### ABOUT THIS EXERCISE
Copy exactly every line below, from the first through the one that contains "Cốc tập hút, tập", and skip all pictures.

### DATA EXTRACT
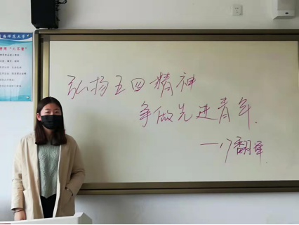 17翻译�19师范B等班级通过线下形式开展了团学活动,团支书为大家讲述了爱国与进步对弘扬五四精神的重要性,他说��五四精神概括起来就是爱国、进步、民主、科学,虽然五四运动已经100周年了,但仍然需要我们青少年提倡和发扬。”同时鼓励大家,作为青少年一定要不断进取、一直向上。今天社会经济发展的脚步很快,但是爱国和进步仍然是每一位青年同志心中永恒不变的主题�
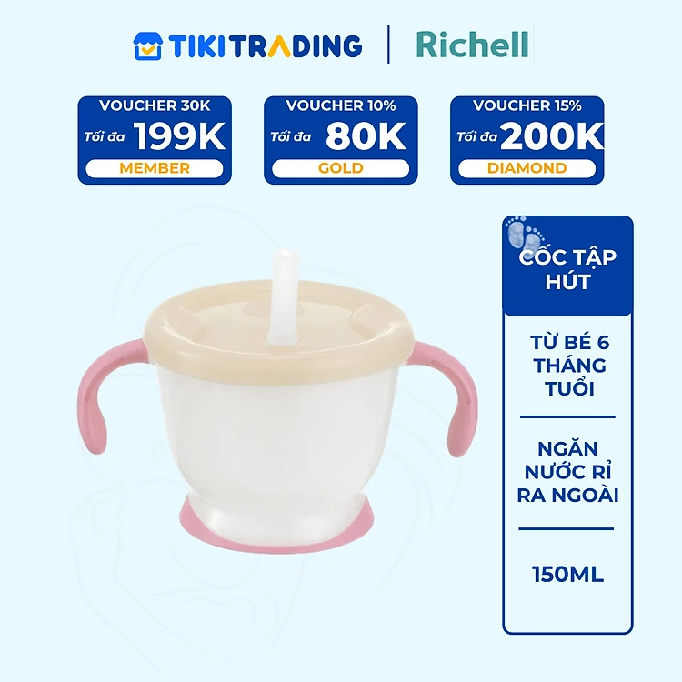 Cốc tập hút, tập uống 3 giai đoạn cho bé RICHELL Nhật AQ phiên bản châu Á | Baby 6m+ 150ml
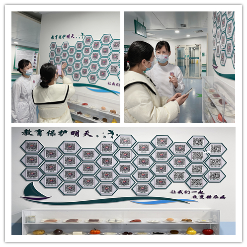 30岁的何女士是一位新晋“糖友”,两天前因体检发现血糖异常,在湖南省人民医院内分泌一病区住院进一步诊治。何女士虽然对糖尿病早有耳闻,但是如此“亲密接触”还是略显不安。因此,入院后她最关心的问题多集中在“什么能吃?什么不能吃?”等方面。责任护士在得知何女士的需求后,引导她来到病房“糖友”专属的健康教育墙旁。在拿出手机扫一扫后,通俗易懂、生动有趣的糖尿病宣教动画视频就展现在眼前,让何女士十分惊喜,立马把墙上的二维码一个个拍下来保存。通过观看宣教视频和责任护士深入浅出的讲解后,何女士心里的困惑一一解除,脸上的愁容也消散了。

### SOLUTION
 17翻译�19师范B等班级通过线下形式开展了团学活动,团支书为大家讲述了爱国与进步对弘扬五四精神的重要性,他说��五四精神概括起来就是爱国、进步、民主、科学,虽然五四运动已经100周年了,但仍然需要我们青少年提倡和发扬。”同时鼓励大家,作为青少年一定要不断进取、一直向上。今天社会经济发展的脚步很快,但是爱国和进步仍然是每一位青年同志心中永恒不变的主题�
 Cốc tập hút, tập uống 3 giai đoạn cho bé RICHELL Nhật AQ phiên bản châu Á | Baby 6m+ 150ml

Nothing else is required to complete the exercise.